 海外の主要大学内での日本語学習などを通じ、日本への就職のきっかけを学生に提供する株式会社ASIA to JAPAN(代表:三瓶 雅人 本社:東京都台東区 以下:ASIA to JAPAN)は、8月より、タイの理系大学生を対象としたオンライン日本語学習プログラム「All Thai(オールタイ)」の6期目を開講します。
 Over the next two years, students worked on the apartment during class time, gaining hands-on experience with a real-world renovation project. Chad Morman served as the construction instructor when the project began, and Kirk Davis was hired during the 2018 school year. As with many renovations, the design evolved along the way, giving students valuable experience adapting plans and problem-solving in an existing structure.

* * *

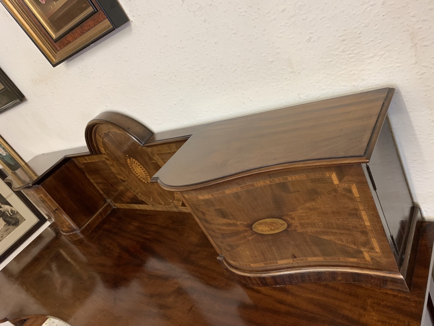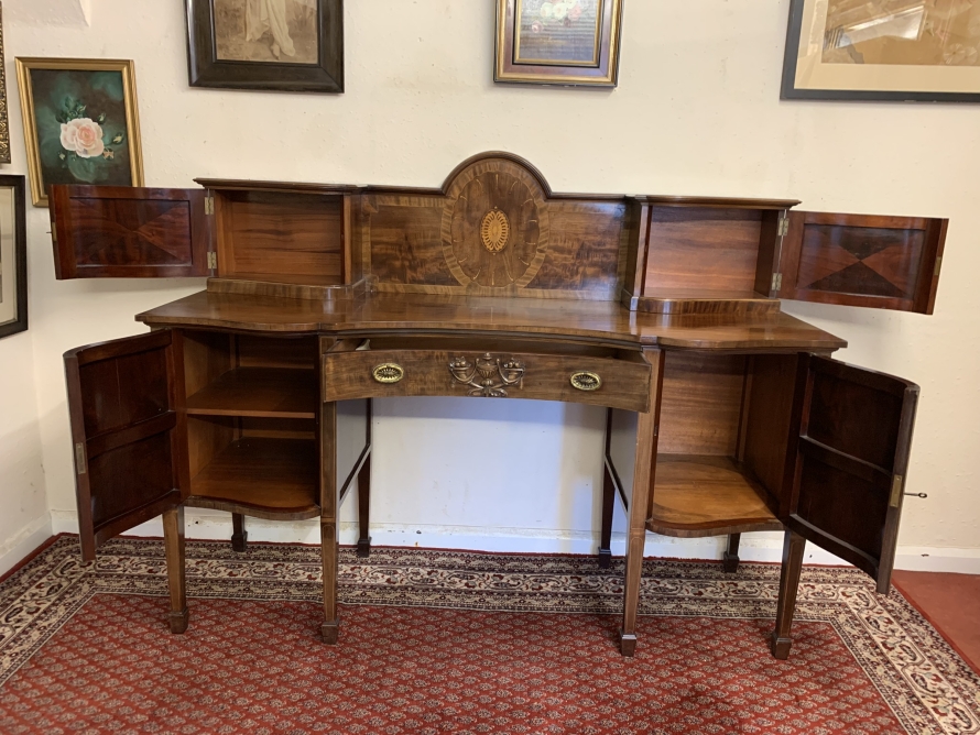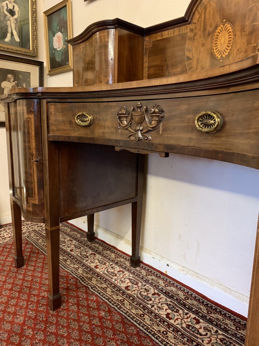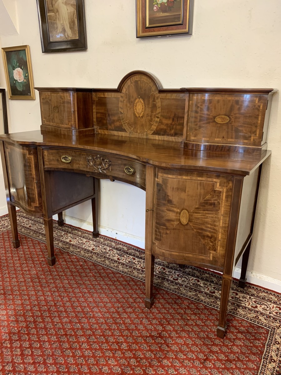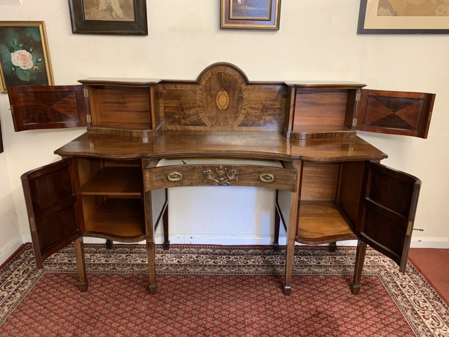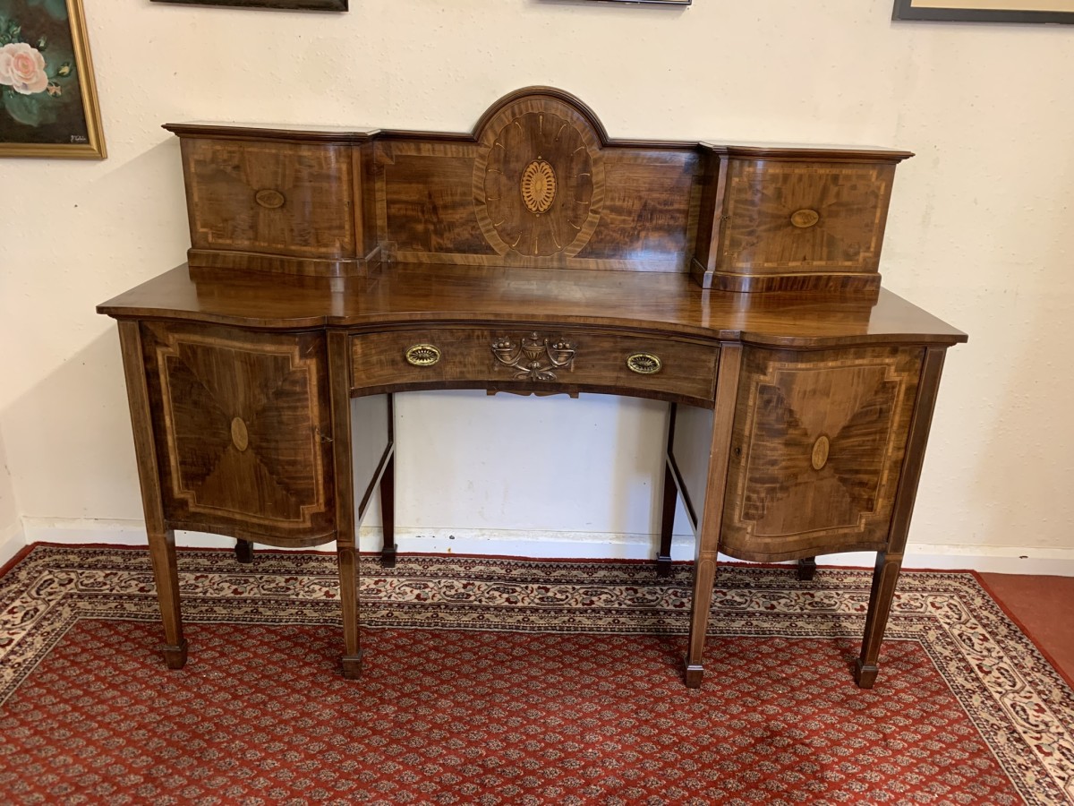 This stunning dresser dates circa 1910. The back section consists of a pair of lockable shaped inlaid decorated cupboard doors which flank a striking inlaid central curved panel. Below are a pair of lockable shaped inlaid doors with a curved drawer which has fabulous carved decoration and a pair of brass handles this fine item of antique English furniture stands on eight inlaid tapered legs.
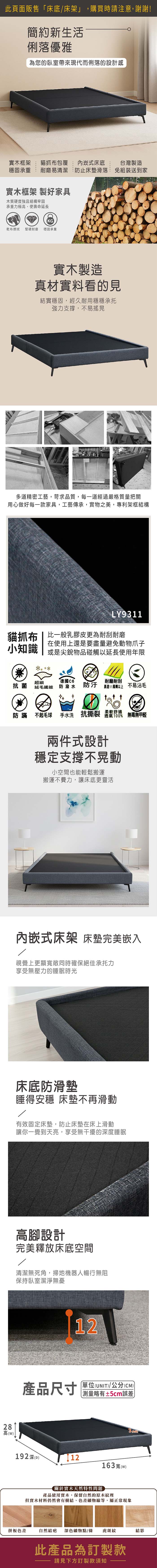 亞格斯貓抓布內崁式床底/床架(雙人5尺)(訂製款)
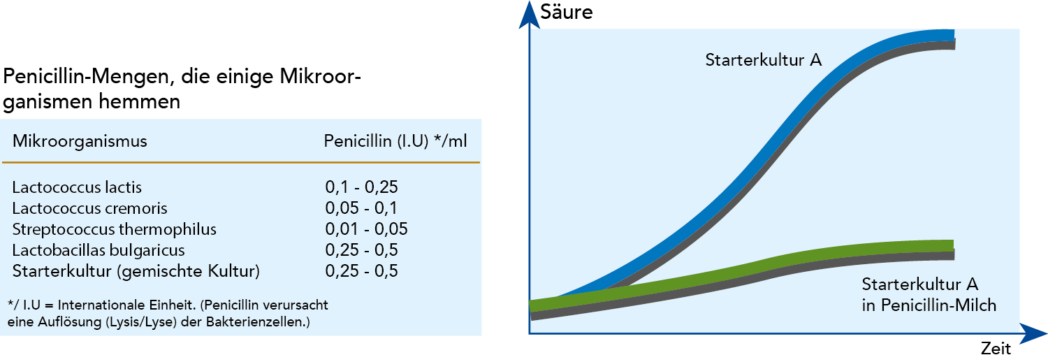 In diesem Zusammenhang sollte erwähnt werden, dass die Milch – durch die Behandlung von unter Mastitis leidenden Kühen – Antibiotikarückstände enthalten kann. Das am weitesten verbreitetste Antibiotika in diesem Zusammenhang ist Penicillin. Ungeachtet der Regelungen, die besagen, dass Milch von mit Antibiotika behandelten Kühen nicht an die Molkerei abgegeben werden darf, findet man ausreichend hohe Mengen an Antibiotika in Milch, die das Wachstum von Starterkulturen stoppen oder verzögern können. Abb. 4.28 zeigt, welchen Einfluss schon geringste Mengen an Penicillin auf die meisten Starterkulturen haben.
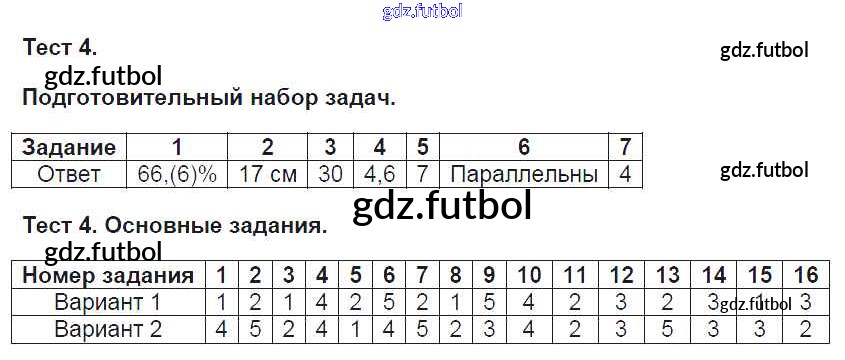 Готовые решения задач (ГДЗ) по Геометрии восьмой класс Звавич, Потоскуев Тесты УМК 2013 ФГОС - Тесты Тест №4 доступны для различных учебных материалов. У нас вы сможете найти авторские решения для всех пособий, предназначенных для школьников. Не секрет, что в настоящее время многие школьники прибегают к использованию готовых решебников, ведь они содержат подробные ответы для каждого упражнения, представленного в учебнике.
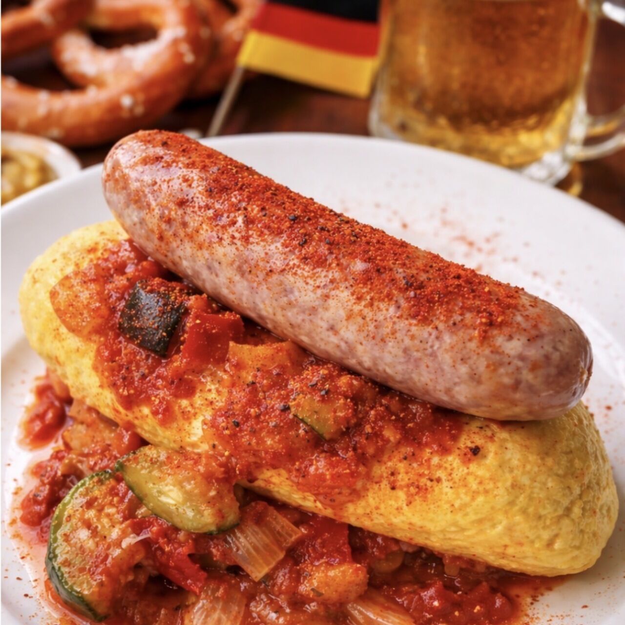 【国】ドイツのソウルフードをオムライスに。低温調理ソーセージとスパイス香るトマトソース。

Exercise aim — Exact copy, pictures excluded: from the line with "This stunning dresser" up to and including the line with "亞格斯貓抓布內崁式床底/床架(雙人5尺)(訂製款)" in the data above.

Response box —
 This stunning dresser dates circa 1910. The back section consists of a pair of lockable shaped inlaid decorated cupboard doors which flank a striking inlaid central curved panel. Below are a pair of lockable shaped inlaid doors with a curved drawer which has fabulous carved decoration and a pair of brass handles this fine item of antique English furniture stands on eight inlaid tapered legs.
 亞格斯貓抓布內崁式床底/床架(雙人5尺)(訂製款)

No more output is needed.